We find that individual AR family clusters tend to be associated with specific ENSO and/or MJO phases. Cluster 3 events (meridional) most often occur in La Niña or neutral years, while cluster 4 events (zonal) most often occur in El Niño years. Cluster 4 has ∼2.4 times the risk during El Niño years, while cluster 3 has 1.5 times the risk during La Niña. Cluster 5 also has a strong correspondence with La Niña, exhibiting ∼1.9 times the risk. Cluster 3 events most often occur during MJO phase 5 of the MJO, while cluster 4 occurs most frequently during MJO phase 7, both of which are phases that have previously been linked to increased precipitation in California. On average, cluster 3 AR families result in the greatest accumulated precipitation per event, and cluster 4 events result in the least accumulated precipitation per event. These substantial differences in precipitation accumulation across clusters suggest linkages between AR family surface impacts and the associated large-scale patterns. In particular, AR family events associated with high-amplitude upstream blocking and enhanced moisture content, as in cluster 3, clearly favor enhanced precipitation across much of California. Conversely, AR family events associated with low-amplitude, largely zonal patterns, as in cluster 4, tend to produce less intense precipitation in California. Collectively, this suggests that the type of large-scale pattern present over the North Pacific may be a useful predictive factor regarding the precipitation impacts of successive AR events in California.

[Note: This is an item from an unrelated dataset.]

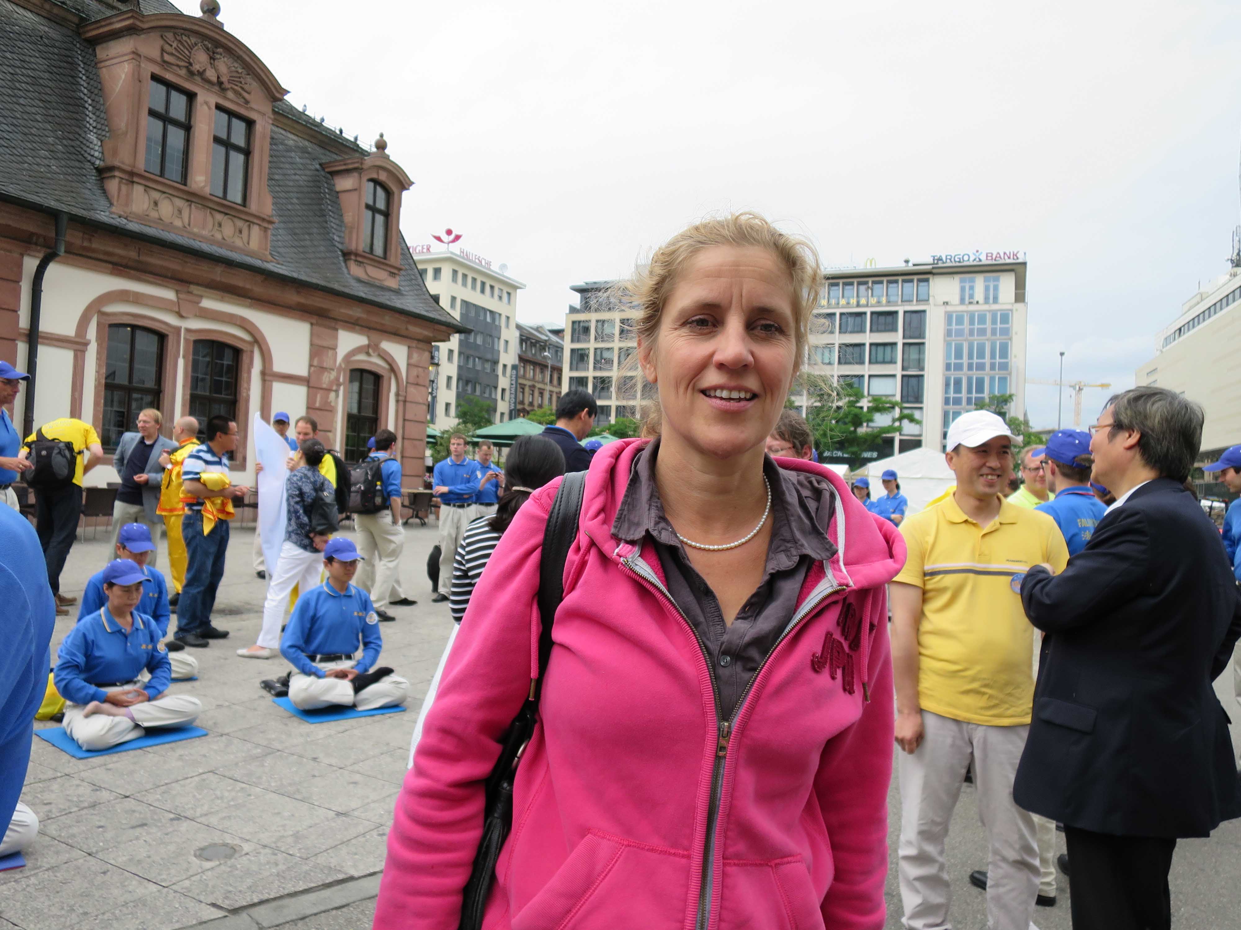 一位德国中年女基督徒在看到法轮大法游行队伍之前没听说过法轮大法和在中国遭受迫害的真相,在跟法轮功学员交谈之后,她了解到法轮功是以真、善、忍为原则,辅以五套功法的佛家修炼法门,并在中国法轮功受到中共打压和迫害时,她表示:“谁做这样的事情(迫害法轮功)都应该受到谴责,在我看来这太可怕了,这并非上帝所愿。”

This study enhances understanding of the large-scale variability relevant to successive AR events affecting California, which has previously gone largely unexplored. Given that many of these events produce extreme precipitation, these findings have implications for meteorological and hydrologic hazard situational awareness. The presence of persistent upstream ridging across the far North Pacific, shown here to be associated with certain types of AR families, has previously been shown to be associated with extreme precipitation events in Northern California (Moore et al. 2020, 2021) and increased frequency for ARs affecting the Pacific Northwest (Benedict et al. 2019). This cross-study agreement suggests that it may be possible to use such patterns as predictors for increased AR activity and associated extreme precipitation in a statistical and/or dynamical modeling context. Critically, our findings suggest that the predictability of ARs occurring as part of a family may be higher than that of single AR events, which is potentially of considerable relevance in a water and flood management context given the outsized hydrologic impacts of such events.

Acknowledgments.

MAF, AMW, ACM, PBG, and FMR were supported by Grant W912HZ-15-2-0019 from the U.S. Army Corps of Engineers and Grant 4600013361 from California Department of Water Resources. DLS was supported by a joint collaboration between the Institute of the Environment and Sustainability at the University of California, Los Angeles; the Center for Climate and Weather Extremes at the National Center for Atmospheric Research; and the Nature Conservancy of California. This research was additionally supported by NSF awards 1854940 (to JMD) and 1854761 (to DLS). The MERRA-2 reanalysis dataset is available through the National Aeronautics and Space Administration (NASA) Global Modeling and Assimilation Office at MDISC, which is managed by the NASA Goddard Earth Sciences Data and Information Services Center. The RMM data are hosted by the Australian Government Bureau of Meteorology (bom.gov.au/climate/mjo/) and provided by the NOAA/OAR/ESRL PSD in Boulder, CO, USA. We would also like to acknowledge high-performance computing support from Cheyenne provided by NCAR’s Computational and Information Systems Laboratory, sponsored by the National Science Foundation. AR data were provided by Bin Guan, accessible via a public repository at https://ucla.box.com/ARcatalog. Development of the AR detection algorithm and databases was supported by NASA. The authors thank Andreas Prein for the preprocessed PRISM data and Patricola et al. (2020) for the publicly available ELI data.